FWIW, I've generally updated the HTSLib bioconda recipes once things have been pulled into pysam (by @andreasheger) and stabilized. I also find that using miniconda+bioconda helps folks get their CI systems (e.g. Travis) working with much less environment customization.

Also: we have a preprint on the Bioconda ecosystem (https://www.biorxiv.org/content/early/2017/10/27/207092) in case anyone wants to read the big picture without thinking about technical details.

notestaff commented 6 years ago

"changing these recipes to the exact way we prefer may take some efforts" -- what changes are needed? Is there a danger that they'll impact other packages negatively?

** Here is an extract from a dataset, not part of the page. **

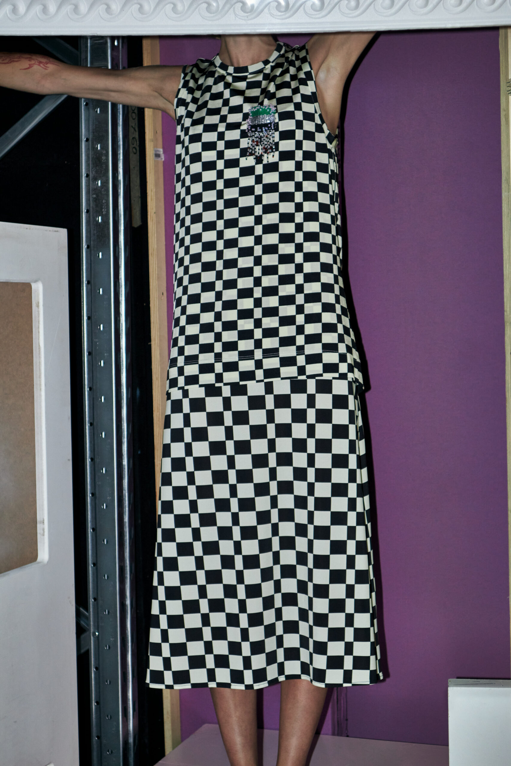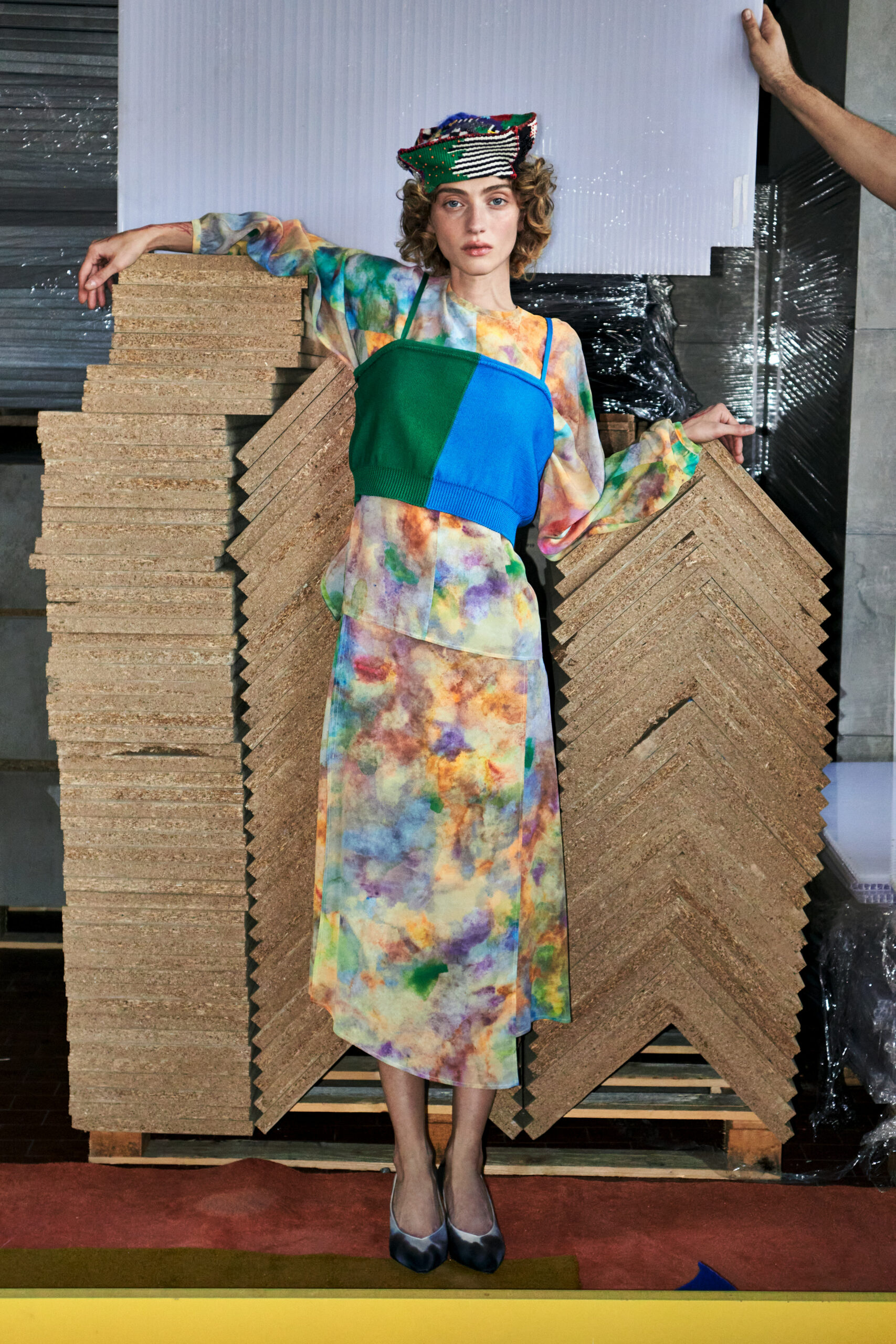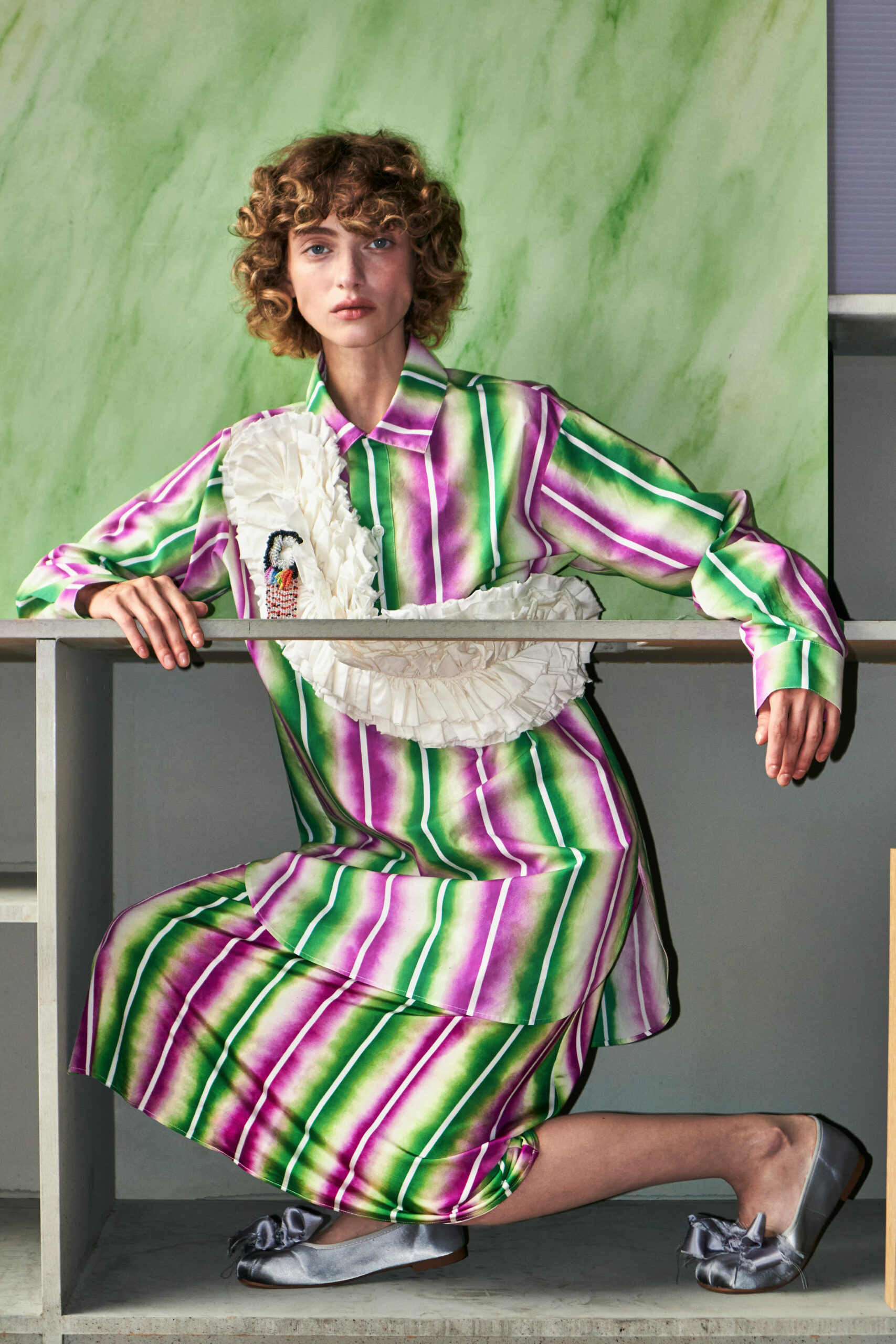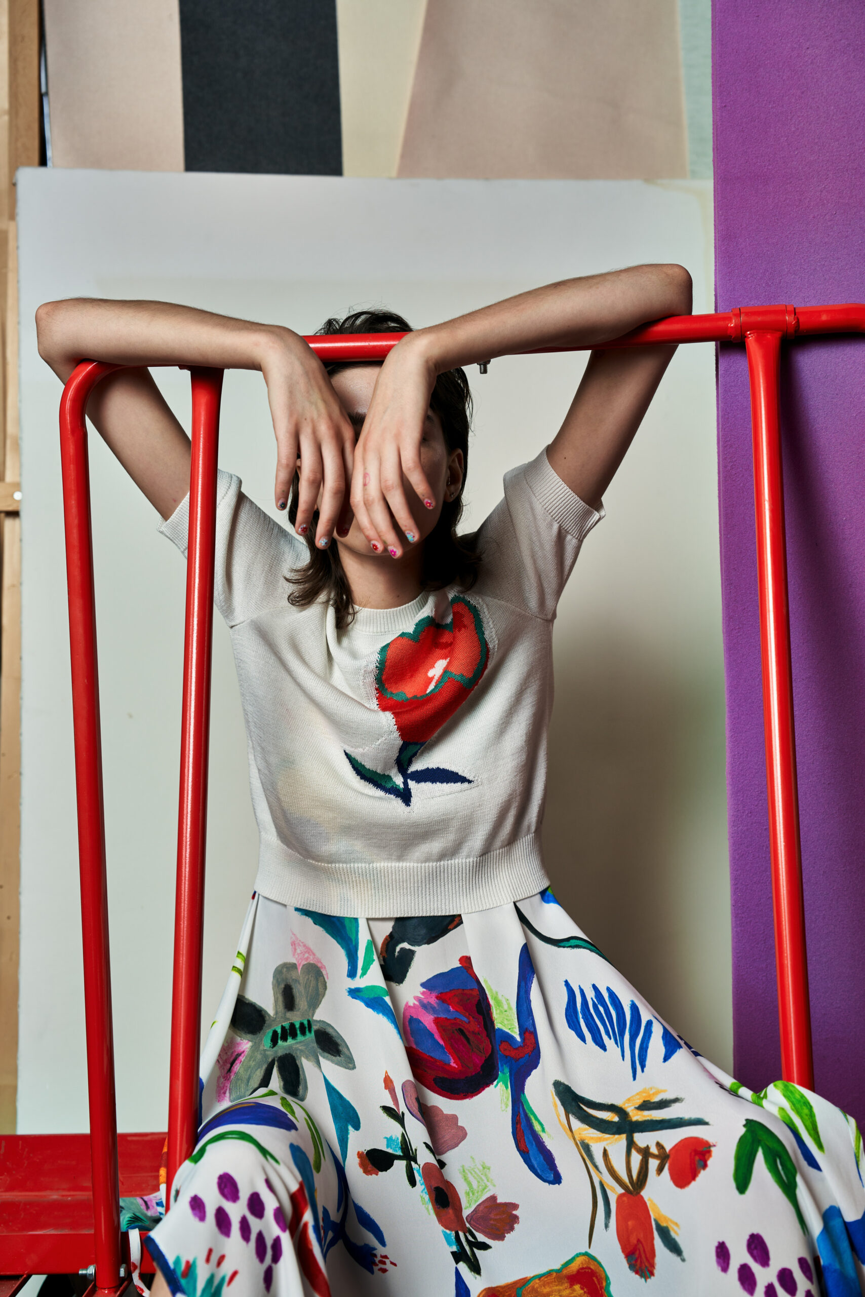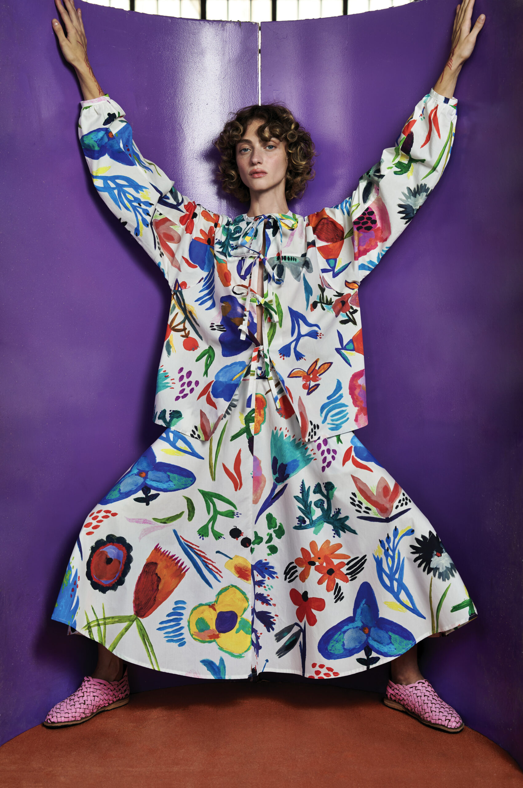 Ces expériences artisanales ont été magistralement transposées sur du coton popeline élégant et de la viscose crêpe fluide, donnant naissance à des motifs sophistiqués et chics. La collection, bien que modeste en taille, déborde d’énergie colorée et de pureté enfantine, alliant des imprimés naïfs et des expérimentations textiles à des éclats romantiques, des paillettes brillantes et des pièces utilitaires minimalistes.

In bioconda you can include multiple versions of a recipe, so you can add custom versions without impacting the main version, if necessary.

lh3 commented 6 years ago

There might be a few potential issues with the bioconda recipes:

  1. bcftools and tabix are not updated.
  2. samtools doesn't depend on htslib.
  3. "make test" is not used, if I am right.
  4. pysam depends on samtools executable. I am not sure why.
  5. samtools tview not working, due to a known issue. Don't know if it is fixable.
  6. samtools is not compiled with google cloud and S3 support, if I am right.

I could be wrong at some of these, and I don't know what the samtools team think about them.

kyleabeauchamp commented 6 years ago

Good list of issues, one more I would add is just ensuring version consistency between the tree of HTSLib dependent children, and clarifying when tools are static builds versus relying on exported shared libraries.

dpryan79 commented 6 years ago

No one is going to complain if you want to update the bioconda recipes :)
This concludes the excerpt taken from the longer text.